MONA LISA
- Les carnets d'Asclépios
- 21 juil. 2023
- 3 min de lecture
Dernière mise à jour : 8 mai 2024

Aujourd’hui c’est aux urgences gynécologiques que je suis affecté. Mon changement de vie passe par une remise à niveau. Après six années de bons et loyaux services à l’hôpital public, ce dernier a eu ma peau et je pars pour l’aventure de la médecine générale. N’ayant pratiqué qu’en médecine interne et médecine polyvalente, je dois me refamiliariser avec les jeunes patients et avec l’appareil féminin.
Ainsi, j’officie au service d’accueil non programmé de la gynécologie. Après un saignement lors du premier trimestre de grossesse, des vomissements gravidiques, des douleurs pelviennes, le service de pédiatrie nous adresse une jeune fille de quatorze ans.
Le motif de leur demande est la pose d’un implant contraceptif.
Cette jeune femme arrive dans notre salle d’examen. Elle semble intimidée par le geste à venir. Elle a les yeux pétillants d’une enfant dans le corps d’une presque adulte. Je suis stupéfait par son apparence candide. Brune, de visage oblong, ses yeux d’un noir profond interpellent par la lumière qui en émane. Elle s’installe toute de noir vêtue et éclaire la pièce par son franc sourire omniprésent.
Après une brève introduction nous l’installons sur le fauteuil de torture. Pendant que ma collègue prépare le matériel, j’essaie de la divertir en faisant la conversation.
Elle habite dans l’est de la France depuis sa naissance mais rêve d’aller vivre dans le sud. Elle a connu Perpignan, Marseille et Sète. Elle est fascinée par la mer, le soleil et la culture méditerranéenne.
Nous discutons des joutes que j’ai eu la chance de suivre il y a quelques années dans la ville occitane. La puissance de l’impact des lances contre les boucliers envoyant avec force les guerriers d’un soir au fond du canal qui traverse la ville.
Elle me confie que sa ville de cœur reste la cité phocéenne. Son vieux port, son caractère multiculturel et populaire ont eu raison de la jeune Franc-comtoise. Le geste commence et je maintien l’échange. Elle est très anxieuse, le montre avec une pointe de théâtral. Point de doute, c’est une fille du sud. Je poursuis ma diversion à but antalgique et le geste se déroule sans grande difficulté.

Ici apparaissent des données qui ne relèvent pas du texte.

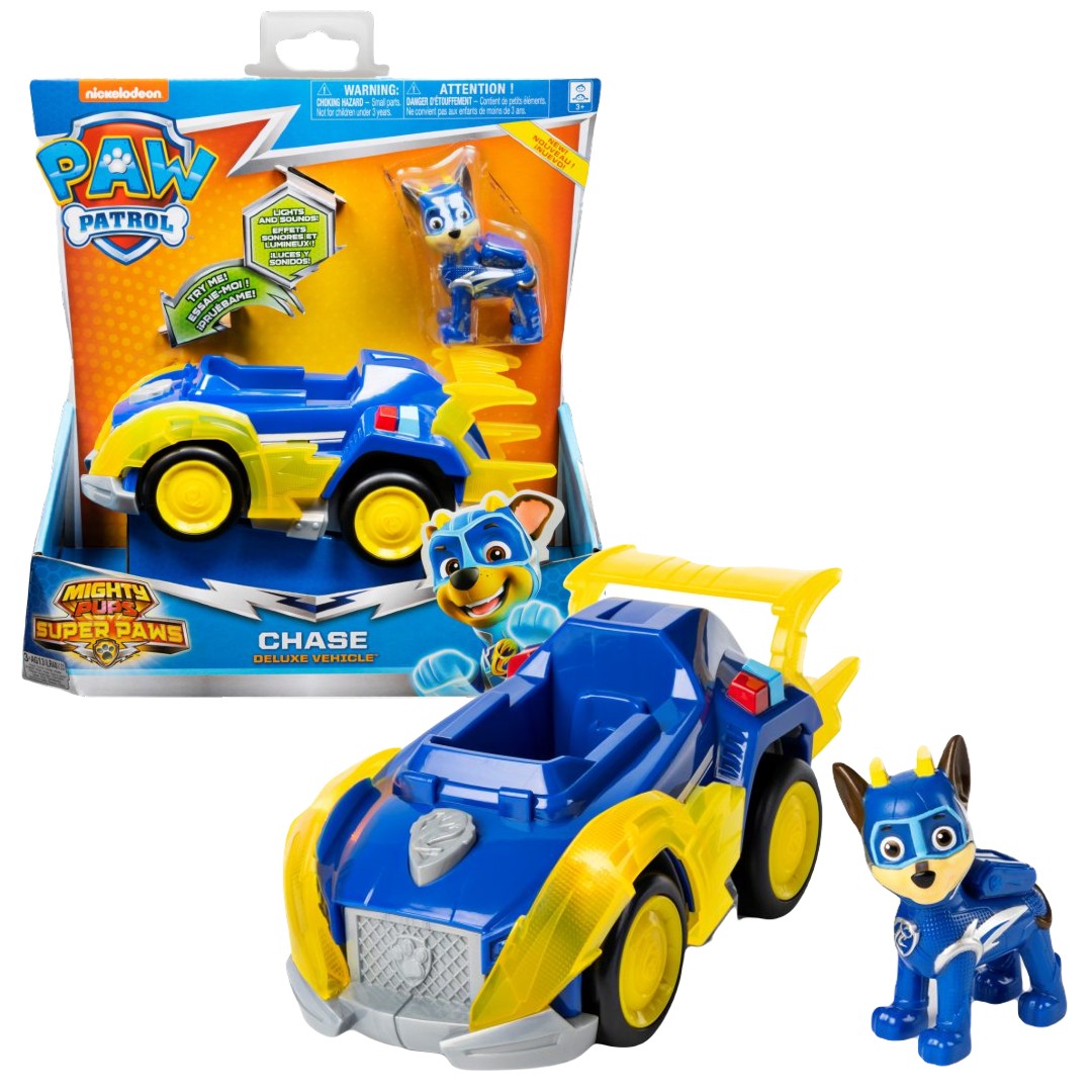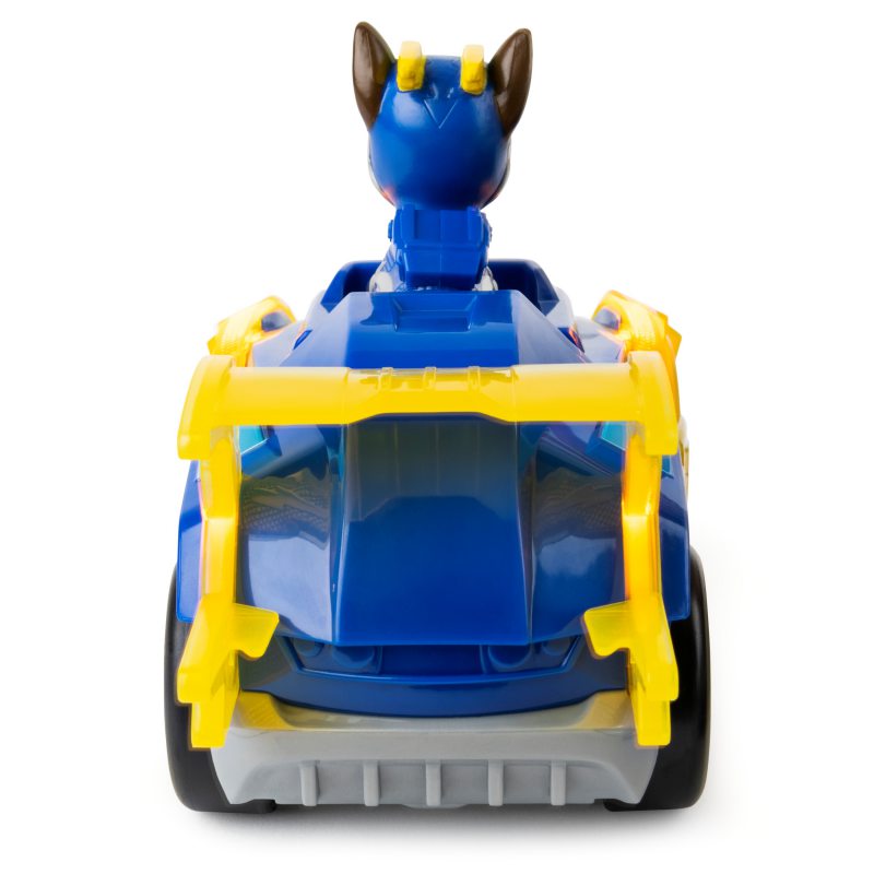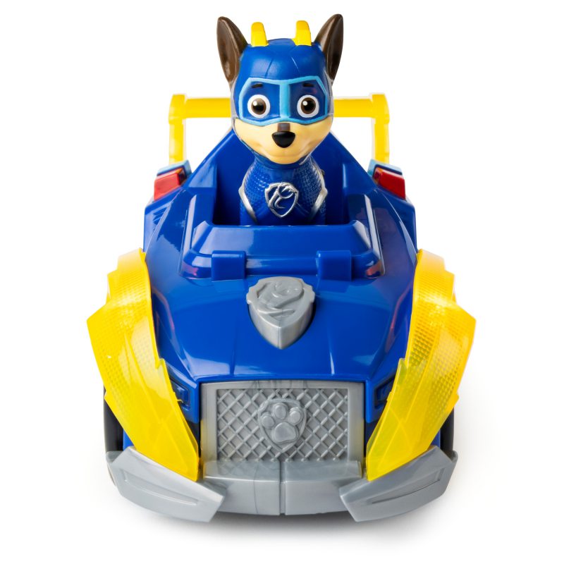 Wyrusz na ratunek fantastycznym kosmicznym pojazdem policyjnym wraz ze swoim przyjacielem Chasem. Pojazd posiada 4 ruchome koła, które pozwolą na bezproblemowe poruszanie się po powierzchniach płaskich. Dodatkowo wóz wyposażono w niesamowity efekt świetlny i dźwiękowy, uruchamiany za pomocą przycisku znajdującego się z przodu pojazdu. Pojazd wydaje 4 różne odgłosy, a półprzezroczyste elementy są podświetlane. Zestaw z całą pewnością spodoba się każdemu miłośnikowi perypetii grupy bohaterskich szczeniaków z serii Psi Patrol. Figurka Chase'a ubrana jest w niebieski kubraczek.
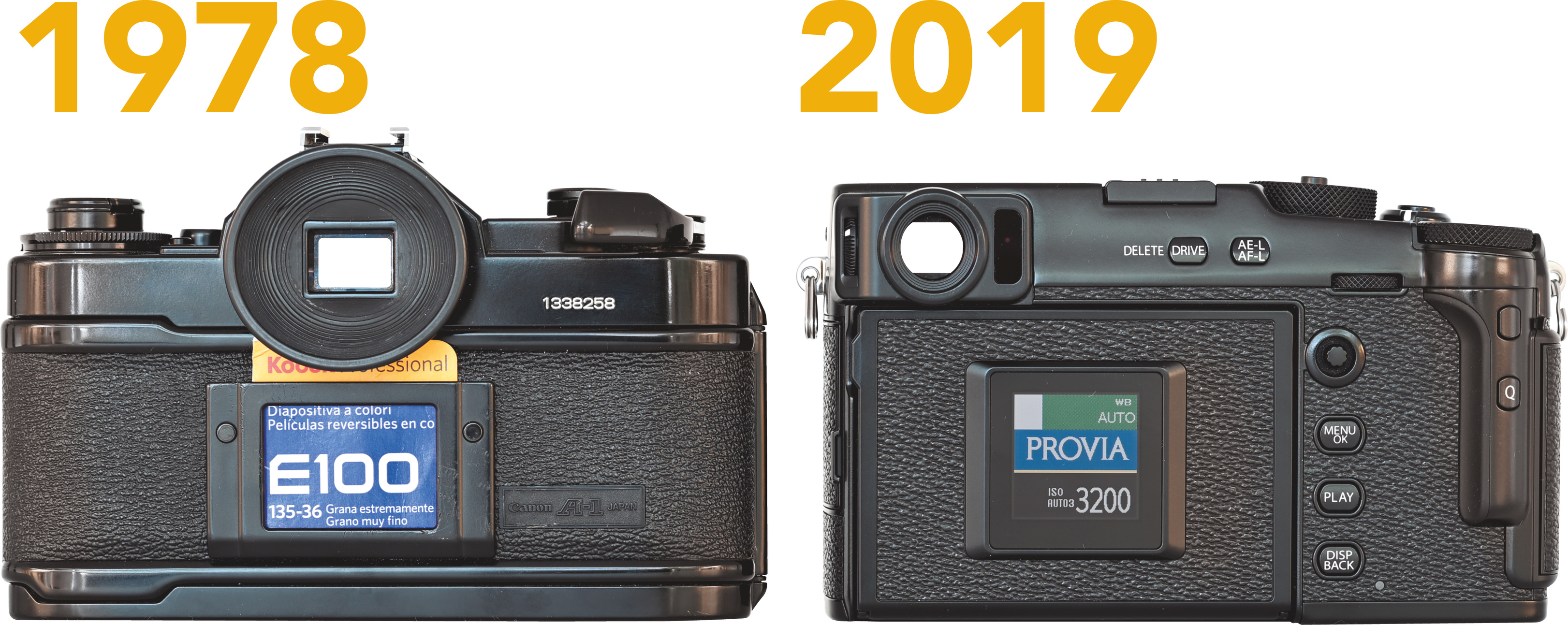 Gut, dass sie die Zeit in der Redaktion fĂĽr dieses Vergleichsfoto ĂĽberdauert hat: Die Canon EOS A-1 von 1978 hatte eine Memohalterung fĂĽr die Lasche der Filmverpackung. Die Fujifilm X-Pro 3 ahmt dieses Bauteil aus analogen Zeiten nun nach.
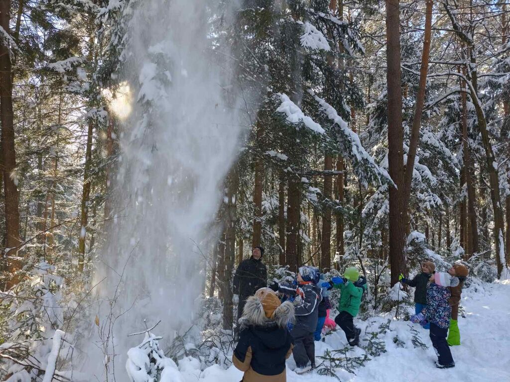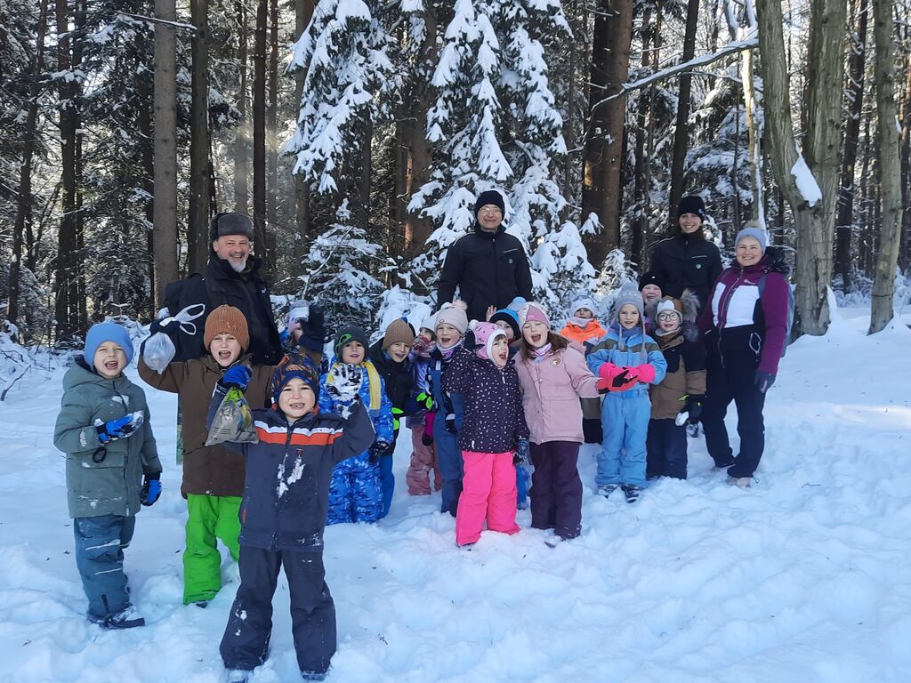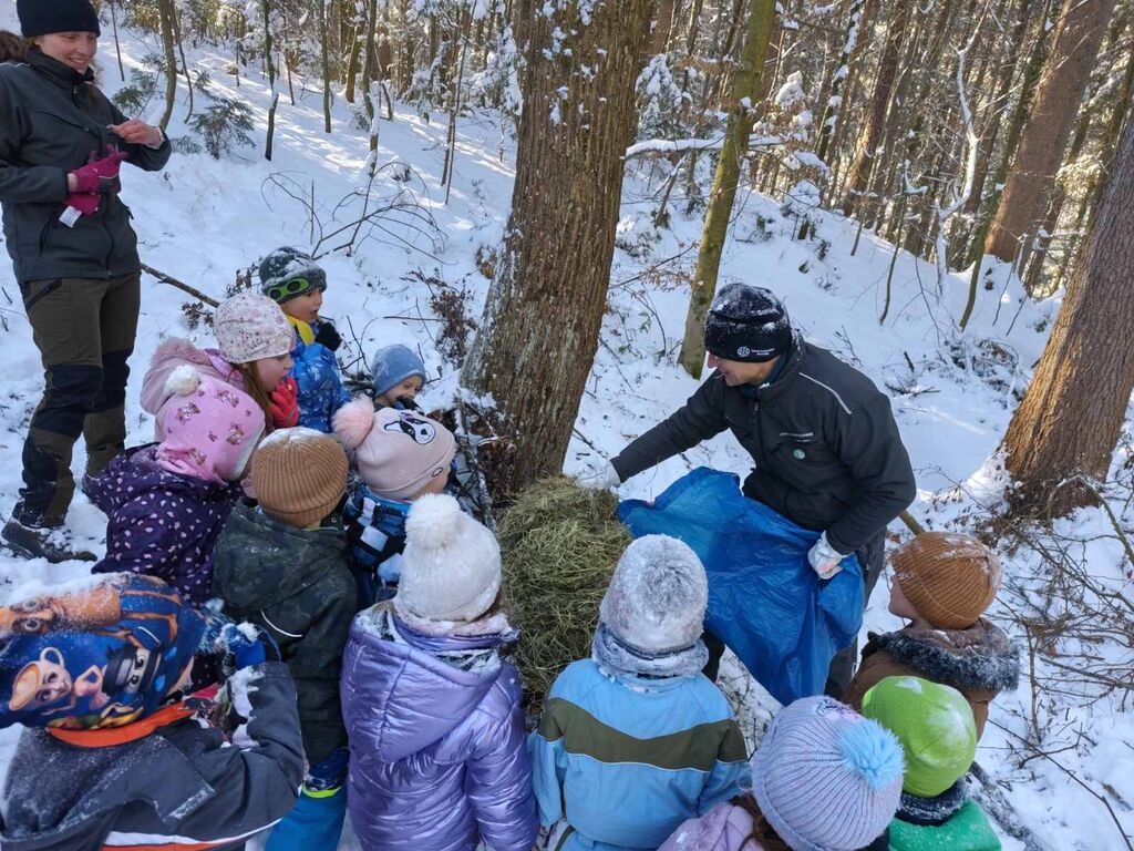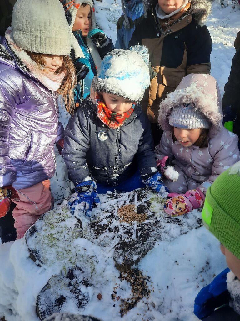 Ko smo prispeli na obronke gozda na Marelici, nam je gozdar Janez pomagal pobrskati po spominu, katere živali prebivajo v našem slovenskem gozdu. Domišljija nekaterih škratov je bila zelo velika, zato smo ugotavljali ali v našem gozdu živijo tiger, opica ali srna, lisica, medved. Da je naša ugotovitev prava, smo preverili v knjigi, kjer so sledi gozdnih živali, ki smo jih naši v snegu. Pot smo nadaljevali v gozd bogat z jelkami in smrekami. Ko smo videli, koliko snega držijo jelke na vejah, smo najprej očistili majhne, kar ni bilo težko. Pri velikih sta nam pomagala gozdarja, kar pa je povzročilo veliko smeha in zabave, saj je sneg z dreves počasi padal na naše glave, kapuce, ramena in še kam. S sabo smo prinesli topel čaj, da nas ni zeblo. Potem smo skupaj z gozdarjem Jožetom naredili krmišče za srne ter vanj položili seno. Odločili smo se, da naslednjič pridemo pogledat ali so srne našle hrano. Ker nismo imeli ptičje hišice, smo hrano za ptice položili na štor, ki smo ga prej dobro očistili. Nazaj v vrtec smo se vrnili po poti mimo kampa Vransko in se čudili, kako lep razgled je tam. Za zaključek pa smo se pozabavali s kopanjem zakladov v snegu. Hvala gozdarjem za pomoč pri pridobivanju čudovitih življenjskih izkušenj v zasneženem gozdu!

Avant de sortir elle a rigolé et fait des blagues d’adolescente. Sa manière de vivre l’instant en étant plus tout à fait une enfant et pas encore une adulte. Elle a ainsi pu regagner le service qui nous l’avait confiée.
Vous vous demandez surement pourquoi je vous rapporte cette histoire qui n’a rien d’extraordinaire.
Tout simplement parce que cette pose d’implant n’avait rien de banale. Elle a été recommandée par l’équipe de pédiatrie suite à son motif d’hospitalisation. Cette jeune femme avait contracté deux infections sexuellement transmissibles suite à des rapports non protégés qu’elle avait eu dans le cadre d’actes de prostitution. Cette patiente encore empreinte de l’innocence de son âge avait été enrôlée via des réseaux sociaux dans un réseau de proxénétisme pour mineure. Elle était ainsi vendue à des hommes sans scrupules qui lui avaient volée sa candeur en échange d’une chlamydia et d’un gonocoque. J’ai été surpris par le contraste de cette adolescente pétillante, souriante avec des rêves plein la tête et l’horreur dont elle a été victime.
On ne se rend compte de la misère de notre société que lorsqu’on la côtoie.
Je pense beaucoup à elle depuis cette consultation. J’espère profondément qu’elle saura trouver sa place au soleil, celle à laquelle nous aspirons tous, cet endroit qui nettoie nos plaies et nous aide à trouver le repos et la paix.